# Anyone know how to get the stink of mice out a toolbox?



## wood4heat (May 6, 2019)

I’ve got a nice Matco box that spent a some time in storage. I decided to start using it over the weekend and discover mice have been nesting in it. I cleaned out all of their nest materials, removed the drawer liners, and Clorox wiped the crap out of everything. I’ve got new drawer liners to go in it but I don't want to install them until I figure out how to get rid of the stink! Can anyone tell me how to do that???


----------



## capetrees (May 6, 2019)

paint the entire interior.


----------



## wood4heat (May 6, 2019)

capetrees said:


> paint the entire interior.


Thanks, I have thought about that. I would like to try that as a last resort. The interior paint is in good shape and I’d hate to cover it if I don’t have to. Seems like there would be something that would remove this. I might try a “pet odor eliminator” from the pet store. Just thought someone here might have dealt with this and offer another solution.


----------



## sb47 (May 6, 2019)

Just give it some time and let mother nature take care of it. The smell will dissipate over time.


----------



## billyboy (May 6, 2019)

Charcoal brickets will help. Time will help the most. Dawn dishsoap might also help. It's a strong cleaner.


----------



## wood4heat (May 6, 2019)

billyboy said:


> Charcoal brickets will help. Time will help the most. Dawn dishsoap might also help. It's a strong cleaner.



Charcoal briquettes??? Would that be similar to using baking soda? I thought about that also.


----------



## grizz55chev (May 6, 2019)

wood4heat said:


> Charcoal briquettes??? Would that be similar to using baking soda? I thought about that also.
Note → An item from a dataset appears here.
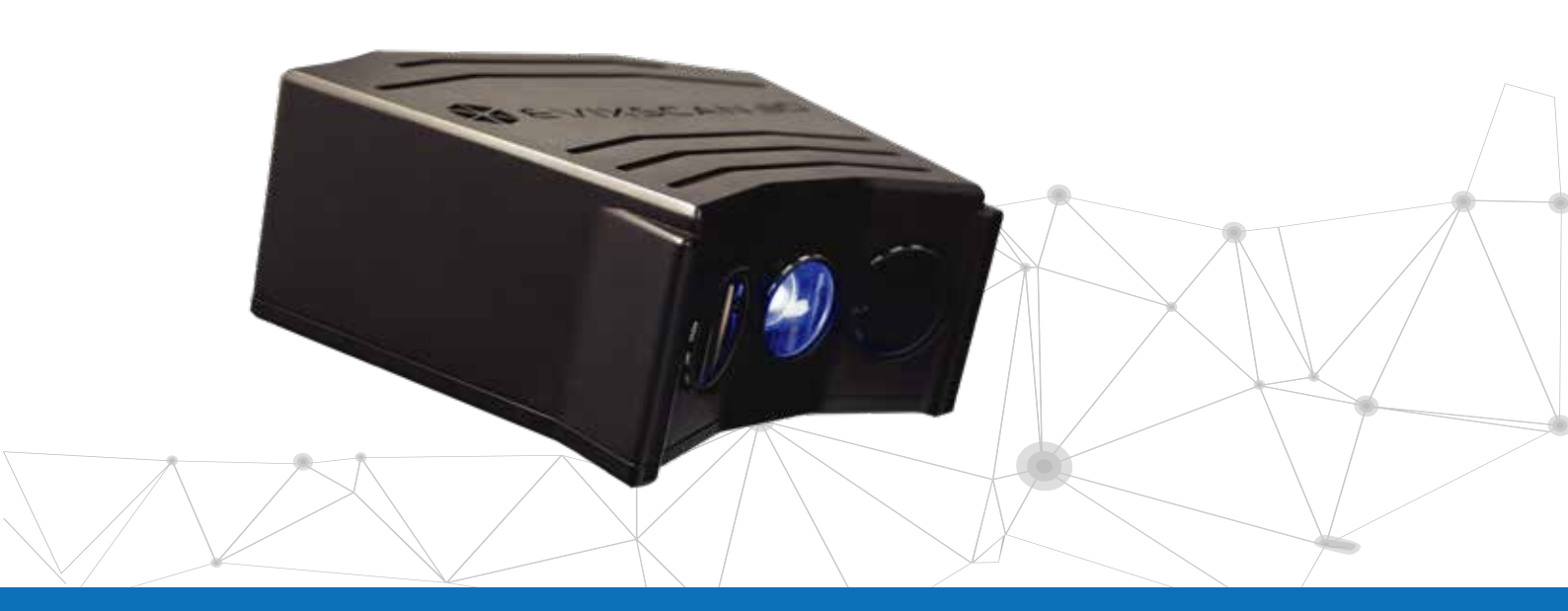
Precision 3D scanning of the smallest objects

Dawn dish soap, hydrogen peroxide and baking soda, wash, rinse, repeat.


----------



## knockbill (May 6, 2019)

...and dry the drawers in the sun...


----------



## Nathan Graff (May 6, 2019)

You'll have to pull the drawers out and clean everything behind and under the drawers. Dawn dish soap to take the urine off, baking soda and charcoal to neutralize and absorb the smell, and lots of time to dry. Mice find their way by following urine trails. Best to get rid of that totally.


----------



## wood4heat (May 6, 2019)

Thanks all. When I get home I will pull each of the drawers and clean them again. I’ll try the peroxide and leave them out to dry in the sun tomorrow. While they are out I’ll clean and maybe spray paint the inside of the cabinet. I’m also gonna seal up and potential rodent entry points. Grease the slides before I put it back together and hope it is odor free. If so I will install my new drawer liners and load it with tools!

Thanks for the tips.


----------



## capetrees (May 6, 2019)

https://www.google.com/search?sourc........0....1..gws-wiz.....0..0i131.YQGJ-hVH_6s


----------



## Deleted member 117362 (May 6, 2019)

Sorry, have to say it. Throw a skunk in it.


----------



## bowtechmadman (May 7, 2019)

Coffee helps with absorbing odor also.


----------



## old guy (May 7, 2019)

Skunk smell beats mouse smell all day long.


----------



## wood4heat (May 11, 2019)

Got the nasty mice smell out! This morning I cut my new drawer liners and put them in. I am still trying to come up with a solution for the busted drawer slide so the top drawer is still out but that won’t stop me from loading the lower drawers. Now comes the fun part, damn this thing has a lot of space!


----------